A equipe gaúcha melhorou a marcação no meio-campo e o toque de bola, criando boas oportunidades. No entanto, esbarrou na atuação segura de Fábio Costa.

Com a derrota, o Grêmio perdeu uma invencibilidade de 12 jogos no Brasileiro. A última derrota tinha sido para a Ponte Preta, por 3 a 2, em agosto.

Para o técnico Tite, a equipe foi surpreendida com os gols no primeiro tempo, além da marcação forte e consistente do Santos.

Meia se redime contra seu rival “preferido”

O Grêmio sempre foi um adversário que trouxe alegria para Marcelinho. Quando jogava no Corinthians, marcou um gol que deu o título da Copa do Brasil, de 1995, em cima da equipe gaúcha em pleno estádio Olímpico, em Porto Alegre.

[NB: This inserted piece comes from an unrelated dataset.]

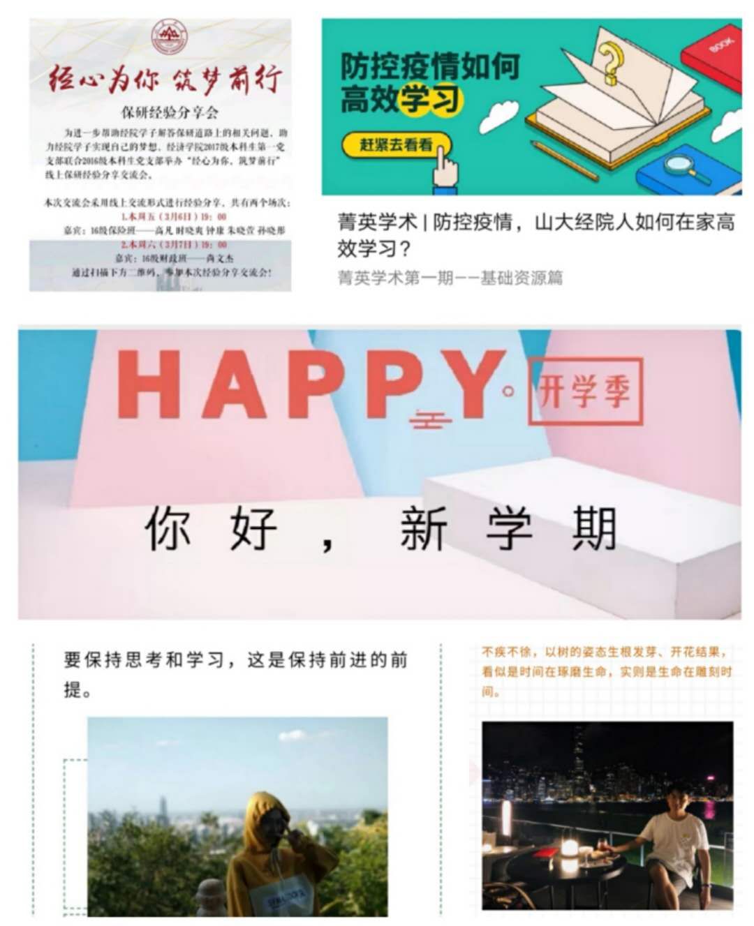 疫在攻克,学正当时。为积极响应教育部提出的“延期不延学,停课不停教”的号召,员工会、新闻中心、青年志愿者协会统一协调,坚持抗疫与暖心并举、防疫与育人结合,齐心打造员工战“疫”新阵地。三部门联合推出“青春网上团课”与“经院菁英”精品活动,发挥经院菁英模范带头作用,以优秀学子的亲身经历鼓励大家居家高效学习,切实提高自身学术水平;为帮助大家尽快适应网上教学模式,员工会各部门推出“开学季”系列推文,既吹响了学习冲锋的号角,又为同学们提供护眼、护颈椎等暖心的上课小贴士,营造了浓厚友爱的学习氛围。
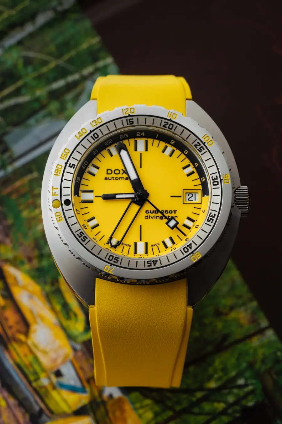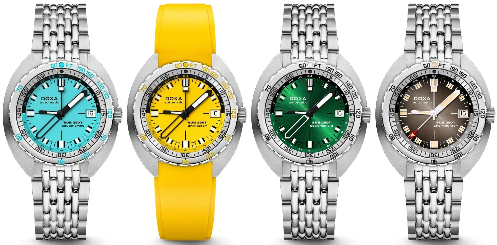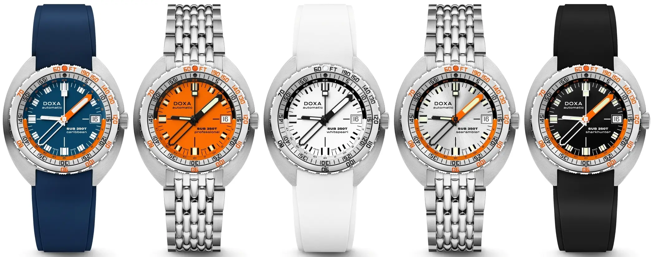 Marka Doxa w tej kolekcji zachowała charakterystyczną retro stylistykę, oryginalny układ lunety, świetne parametry techniczne, a także - w pełni w zgodzie z aktualną modą - bardzo szeroki wybór kolorystyczny, jeżeli chodzi o tarcze. Doxa SUB 250T GMT jest dostępna we wszystkich ośmiu charakterystycznych dla tej marki kolorach, z dopasowanym kolorystycznie paskiem wykonanym z gumy FKM, lub ze świetną bransoletą z ogniwkami kojarzącymi się z ziarenkami ryżu. Ten nowy model można uznać, że stylistycznie nawiązuje do ducha modeli Doxa SUB 750T GMT z 2006 roku, które cieszyły się ogromnym uznaniem w wariantach Professional, Sharkhunter, Caribbean i Divingstar.

Dessa vez, com a camisa do Santos, foi justamente contra o Grêmio que Marcelinho marcou o gol exigido pela torcida.
“O Grêmio faz parte da minha história vencedora. A galera cobrava os gols de falta, e fiz dois. Eles sempre aparecem nos momentos mais importantes. A vitória de hoje [ontem” é a arrancada do Santos no Brasileiro”, disse Marcelinho.

O atacante Viola, que voltou a marcar gols -o 10º no campeonato-, também sentiu-se aliviado com a vitória. “Sabíamos da nossa responsabilidade, e essa vitória traz tranquilidade. O grupo provou que tem competência. Teve garra, honrou a camisa. A pressão da torcida é compreensível, mas sabíamos do nosso potencial.”

Antes do início da partida, a torcida não gritou o nome de Viola, optando pelo coro: “Viola, joga bola e vai embora”.

O próximo jogo do Santos será contra a Lusa, na quinta, no Canindé. O técnico Cabralzinho não contará com o zagueiro Galván, suspenso.